17. The method according to claim 11 further comprising detecting other signs, symptoms, conducting clinical tests of Parkinson's disease, and/or other Parkinson's disease biomarkers.

18. The method according to claim 11 wherein the method is conducted on at least two different types of fluid and/or tissue.

19. A molecule that specifically binds to phosphorylated or unphosphorylated Ser⁶⁵of parkin or Thr²⁵⁷of PINK1 or region comprising said residue(s).

20. The molecule according to claim 19 which is an antibody.

21. A method according to claim 11 wherein the detection of phosphorylation of amino acids residues of the parkin and PINK1 proteins is carried out using antibodies specific for phosphorylated residues on parkin and PINK1.

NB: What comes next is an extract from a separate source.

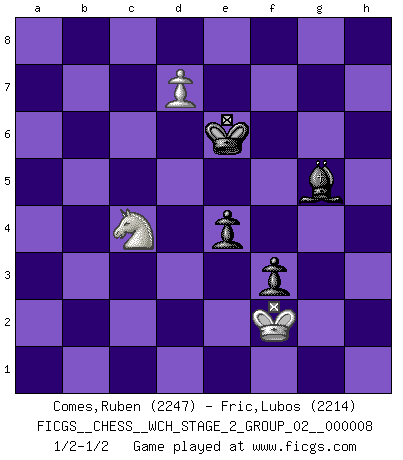 Last move : 1/2-1/2 2011 July 19 8:30:8 [Event "FICGS__CHESS__WCH_STAGE_2_GROUP_02__000008"] [Site "FICGS"] [Date "2011.04.03"] [Round "1"] [White "Comes,Ruben"] [Black "Fric,Lubos"] [Result "1/2-1/2"] [WhiteElo "2247"] [BlackElo "2214"] 1.e4 c5 2.Nf3 d6 3.h3 Nf6 4.c3 Nc6 5.Qc2 e5 6.Bc4 Be7 7.O-O O-O 8.d3 a6 9.a4 d5 10.exd5 Nxd5 11.Nbd2 Be6 12.Re1 Qc7 13.Nf1 Kh8 14.Bd2 f6 15.Ng3 Rad8 16.Rac1 Bf7 17.Kh1 g5 18.Rcd1 Bg6 19.Ba2 Qd7 20.Qc1 Nf4 21.Bxf4 gxf4 22.Nh4 Kg7 23.Nxg6 hxg6 24.Nf1 f3 25.Qe3 fxg2+ 26.Kxg2 Rh8 27.Qf3 Rh4 28.Ne3 Rf4 29.Qd5 Qe8 30.Qb3 Na5 31.Qb6 Rd6 32.Qxc5 Rxa4 33.b4 b6 34.Qc7 Rxa2 35.bxa5 Rxa5 36.Nc4 Rc6 37.Qa7 Rb5 38.Kg1 Qf7 39.Qxa6 Rbc5 40.Qa7 Bf8 41.Ra1 b5 42.Qxf7+ Kxf7 43.Na5 Ra6 44.c4 e4 45.d4 Rg5+ 46.Kf1 Bb4 47.Nb7 Rxa1 48.Rxa1 bxc4 49.Rc1 Rb5 50.Nd8+ Ke7 51.Nc6+ Kd7 52.Rxc4 Bd6 53.h4 Rh5 54.Na7 Rxh4 55.Nc8 Rh1+ 56.Kg2 Rd1 57.Nb6+ Ke6 58.Ra4 Bc7 59.d5+ Kf5 60.Nc4 Bf4 61.Ra5 g5 62.Rb5 g4 63.Rc5 Rd3 64.Kf1 g3 65.fxg3 Rxg3 66.Ke2 Rd3 67.Rb5 Rd4 68.Rc5 Kg5 69.Ne3 f5 70.Nc4 Bh2 71.Kf2 Bf4 72.Ke2 Kg4 73.d6 Kg5 74.Rc6 Kf6 75.d7 Ke7 76.Nb6 Bg5 77.Rc8 f4 78.Ke1 Ke6 79.Rc6+ Rd6 80.Rxd6+ Kxd6 81.Nc4+ Ke6 82.Kf1 f3 83.Kf2 1/2-1/2 Comment by player 1 : Ruben Comes : I made a mistake with the mouse in the middle game. My opponent I returned the courtesy. Sicilian Kingside Castling by player White (move 7) Kingside Castling by player Black (move 7) 10 pieces endgame at move 65 : White KRNPP , Black KRBPP WHITE : King + 1 Rook 1 Knight 2 Pawns BLACK : King + 1 Rook 1 Bishop 2 Pawns 9 pieces endgame at move 65 : White KRNP , Black KRBPP WHITE : King + 1 Rook 1 Knight 1 Pawn BLACK : King + 1 Rook 1 Bishop 2 Pawns 8 pieces endgame at move 80 : White KRNP , Black KBPP WHITE : King + 1 Rook 1 Knight 1 Pawn BLACK : King + 1 Bishop 2 Pawns 7 pieces endgame at move 80 : White KNP , Black KBPP WHITE : King + 1 Knight 1 Pawn BLACK : King + 1 Bishop 2 Pawns This chess game ended in a draw. Follow this game move after move (download)Nonsense was the last thing Fischer was interested in, as far as Chess was concerned. (Elie Agur) Schach ist wie eine schöne Frau, zu der wir ständig zurückkehren, gleichviel, wie oft sie uns zurückweist. (Anonymous) El arma más poderosa en el Ajedrez, es tener la próxima movida. (David Bronstein) C'est la seule position que je connaisse où les deux camps sont mals. Propos prêtés à V. Anand. Children in the dark cause accidents, accidents in the dark cause children. (Unknown)
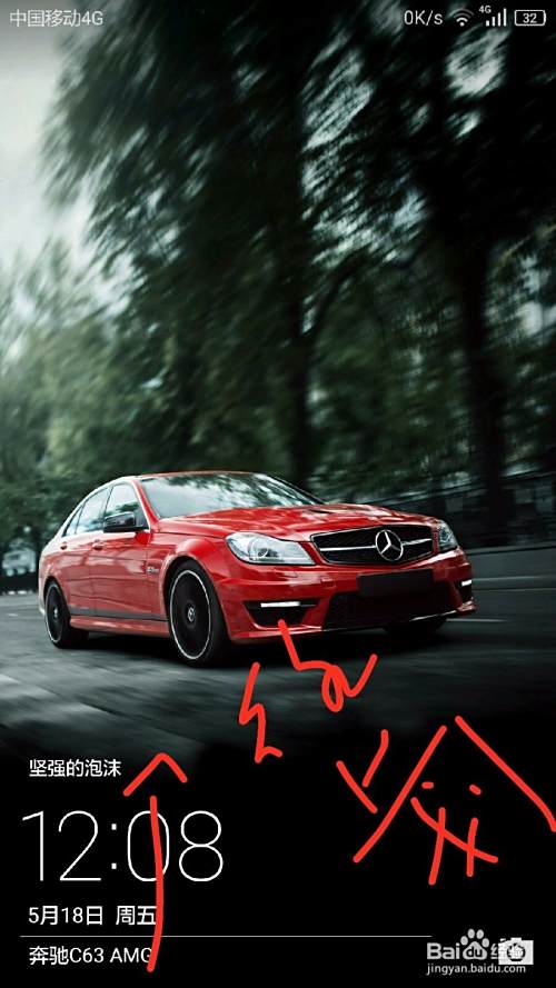 按一下手机开关键,点亮屏幕,手指从屏幕最下方往上划一下,进入一个界面

22. The method according to claim 21 wherein the antibodies for use in detecting phosphorylated residues of parkin and PINK1 comprise antibodies which specifically bind phosphorylated Ser⁶⁵of parkin and Thr²⁵⁷of PINK1.

23. A kit for diagnosing Parkinson's disease, monitoring progression of the disease and/or assessing response to therapy, the kit comprising at least one marker specific reagent that specifically binds to phosphorylated or unphosphorylated Ser⁶⁵of parkin or Thr²⁵⁷of PINK1 or region comprising said residue(s).

24. The kit according to claim 23 wherein the kit comprises antibodies which specifically bind phosphorylated Ser⁶⁵of parkin and Thr²⁵⁷of PINK1.

25. The kit according to claim 23 further comprising a container for a sample collected from a subject.